A clear-eyed reading of the seventeen Sustainable Development Goals reveals not a simple checklist, but a set of priorities that sometimes pull against one another — and a framework that needs realism as much as ambition.

Ten years after the United Nations adopted the seventeen Sustainable Development Goals, the agenda faces four defining questions: how to coordinate macroeconomic policy and preserve financial stability; how to deepen cooperation in the digital economy and narrow the digital divide; how to advance the green transition; and how to strengthen multilateral governance and the trading system. None of these can be answered by any country alone.

The contradictions inside the framework

The harder truth is that some goals are structurally in tension. A green-transition paradox sits at the centre: responsible production and consumption raise the cost of goods, which can push vulnerable groups back toward poverty unless deliberately cushioned. A public-expenditure paradox follows: health and education both demand sustained public spending, yet so do hunger, infrastructure and basic services — and governments must sequence, not simply will, these priorities into being.

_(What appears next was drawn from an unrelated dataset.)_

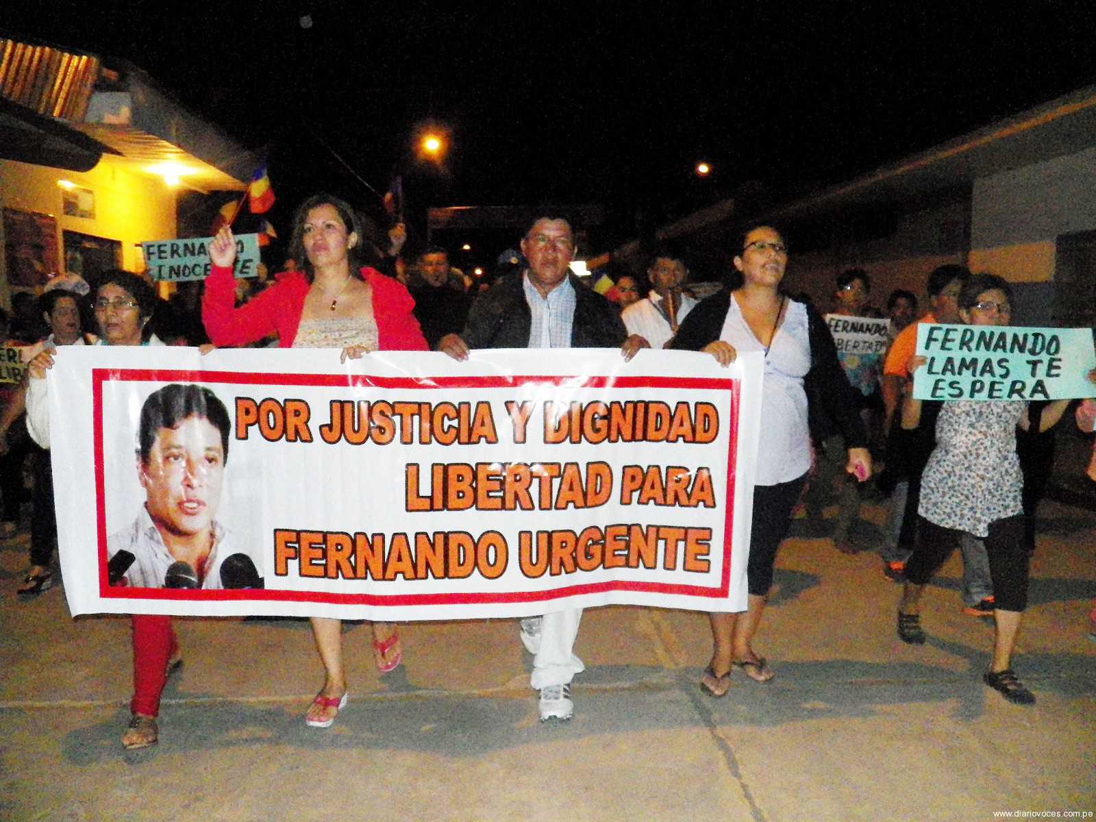 El fin de semana por la noche, decenas de personas marcharon por las calles de Lamas, con la finalidad de mostrar su respaldo a Fernando del Castillo Tang, alcalde de esa provincia, quien se encuentra recluido en el penal Las Pampas de Sananguillo de La Banda de Shilcayo, sindicado por los presuntos delitos de negociación incompatible y tráfico de influencias.

UN Asia-Pacific Forum — photo 1

What is largely absent from the SDG framework is any feasibility analysis. Annual progress reports too often read as performance scorecards rather than analytical tools that identify which goals can be pursued together, which require sequencing, and which are genuinely in conflict. To choose among competing goods, gradually and realistically, is precisely what responsible policy is for.

Reading regional data with care

Aggregate figures for a region as heterogeneous as "Asia-Pacific" must be read with caution. The category is an administrative grouping, not a socio-economic one: it spans highly advanced economies alongside countries still facing severe infrastructure deficits. When data of very different quality and completeness are weighted equally, the resulting averages can mislead more than they reveal. A relative delay on a given goal is not necessarily a failure — often it reflects a different, defensible sequence of national priorities.

The way forward is neither ideological optimism nor resignation, but disciplined honesty: treat the Goals as a shared direction pursued at different stages and different speeds, supported by analysis robust enough to guide real choices.